DISCLAIMER: Billy Riggs does not speak on (or even address) the topic below in any of his public presentations, but his interests are wide and varied, so he sometimes uses this blog to express views he finds interesting or noteworthy.

The unfolding Disneyland™ measles outbreak has reignited the simmering public debate over governmental immunization policy and inadvertently opened up another reminder of the power of urban mythology, not to mention the human brain’s insatiable hunger to believe. New Jersey Governor Chris Christie may have doomed his 2016 Presidential chances by making the (not ridiculous, in my view) statement that parents should have some say in what vaccinations their children receive. (I believe every kid should get all the vaccines, but I’m not comfortable ramming my views – no matter how scientifically sound I think them to be – down your throat.) The libertarian Republican Rand Paul (an M.D., by the way) went further than Christie by stating on Feb. 2, “I have heard of many tragic cases of walking, talking, normal children who wound up with profound mental disorders after vaccinations.” But lest you think this is exclusively a Republican problem, note that in 2005 liberal activist Robert Kennedy Jr. transgressed much farther than Christie or Paul, averring that science had “proven” the connection between vaccines and autism, though Salon.com has since retracted the error-filled article upon which Kennedy based his claims. Nevertheless, the Kennedy scion has invested enormous amounts of energy and time over the past decade preaching (quite inaccurately) that the link between vaccinations and autism is indisputable. During the 2008 presidential race, both Hillary Clinton and Barak Obama pledged to support research to determine if vaccines do, in fact, cause or contribute to autism. Obama pronounced that the science was “inconclusive,” though the reputed link had already been roundly debunked. (Like Christie, I suspect they were just trying to avoid alienating voters. Paul was probably the only one expressing a sincere belief, in my opinion.) The View’s Jenny McCarthy (a Democrat, judging by her one-sided history of political donations) continues to be the nation’s most visible spokesperson for the vaccines-cause-autism canard. In truth, no one knows what causes autism, but it’s almost certainly not vaccines. The tendency to deny science and believe what one wants cuts across all party lines. To believe is the default tendency of the human brain, and is apolitical. In the end, the undisciplined mind believes what it chooses to believe.
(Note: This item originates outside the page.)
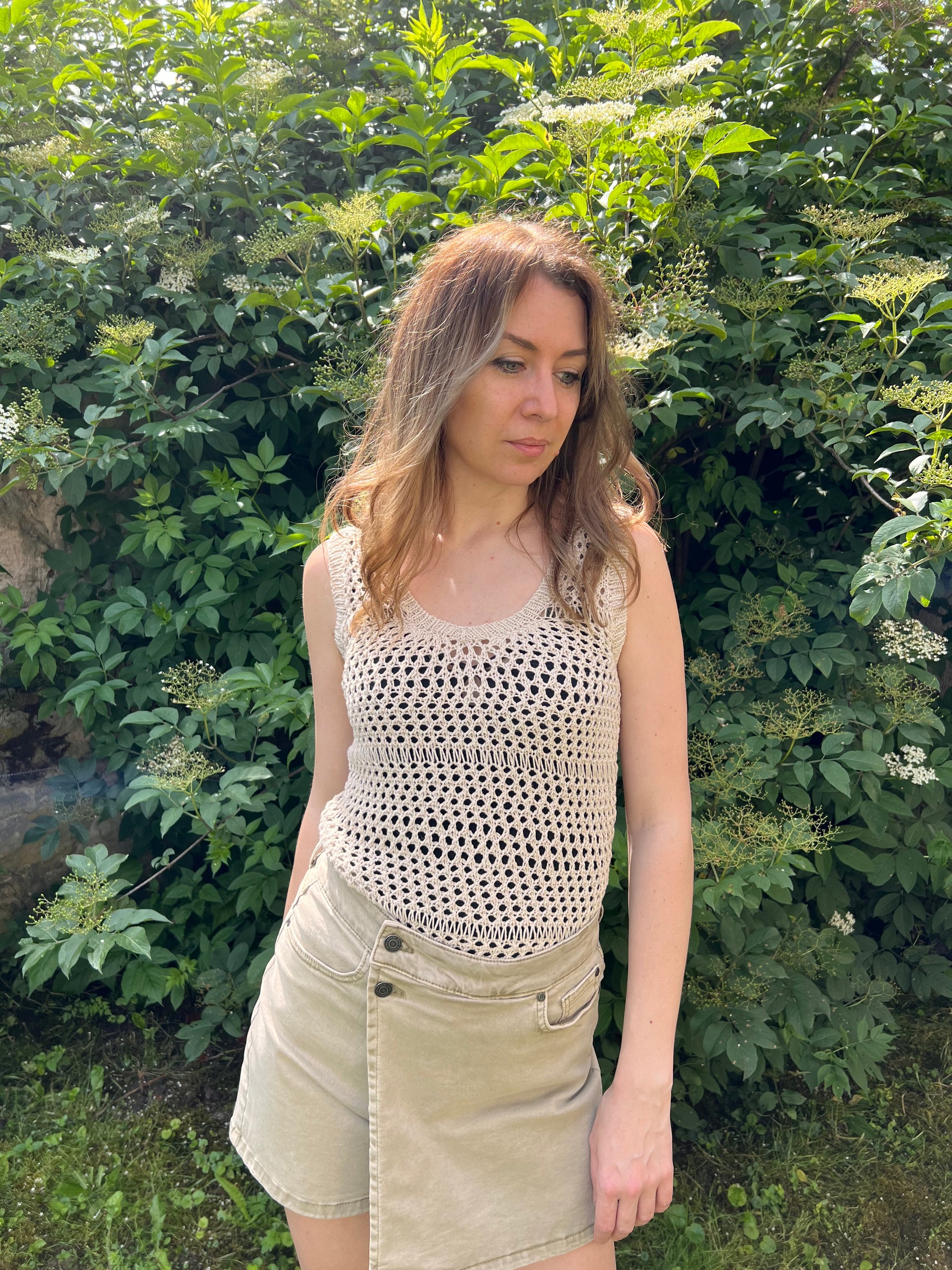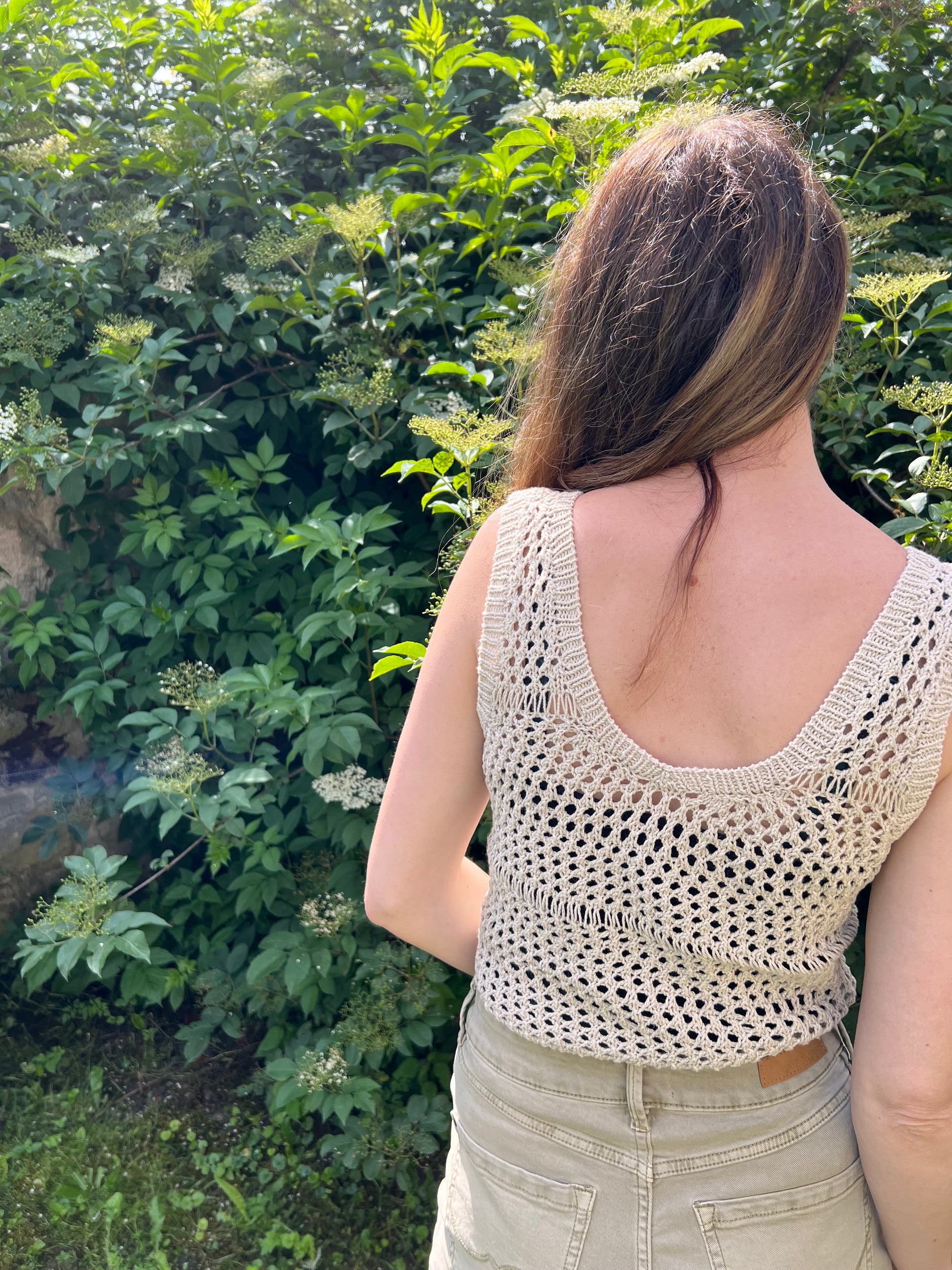 Le Brazil Top se tricote du haut vers le bas avec un fil DK/Sport en coton et lin, en points ajourés et rivière. Les épaules sont tricotées séparément, puis reliées au dos pour former un tube en rond après la création des emmanchures et de l’encolure. Le bas se termine par des côtes 1/1.

A study cited in a 2002 article in Skeptic Magazine concluded that there is no correlation between one’s knowledge of science and one’s acceptance or rejection of pseudoscience. In other words, one can know many scientific facts without ever feeling personally constrained by the scientific method that produced those irrefutable and consistently-reproducible bits of memorized data. Students who major in science, upon graduation, are only slightly less likely to believe in psychic power, astrology, ancient astronauts, the Bermuda Triangle, subliminal advertising, UFOs, etc.) than when they matriculated. Shockingly, their belief in alternative medicine (magnet therapy, reflexology, attachment therapy, primal therapy, applied kinesiology, crystal healing, colon cleansing, etc.) actually increases slightly during the college years. While political Liberals rail against Conservatives for rejecting evolution and doubting manmade global warming, they often do so while simultaneously clutching their crystals, hyperventilating over the evils of “Frankenfoods,” fracking and nuclear power and muttering something about Mother Earth and Gaia. Those who believe that Michael Brown was on his knees in Ferguson holding his hands above his head in surrender, begging, “Don’t shoot!” – just before being executed by a white police officer simply because he had a different skin color – somehow feel intellectually superior to those who believe that Barak Obama was born in Kenya. Both beliefs are equally and demonstrably false. Rosie O’Donnell regularly issues her screeds against Christians (whom she apparently views as idiots) while simultaneously holding the insane view that the Twin Towers were brought down by George W. Bush and his nefarious Republican minions in a sly plot to frame Al Qaeda, thus creating a pretext for launching a preplanned war. We all are susceptible to believing nutty things, and the knowledge of this fact should bestow on all of us a bit of humility.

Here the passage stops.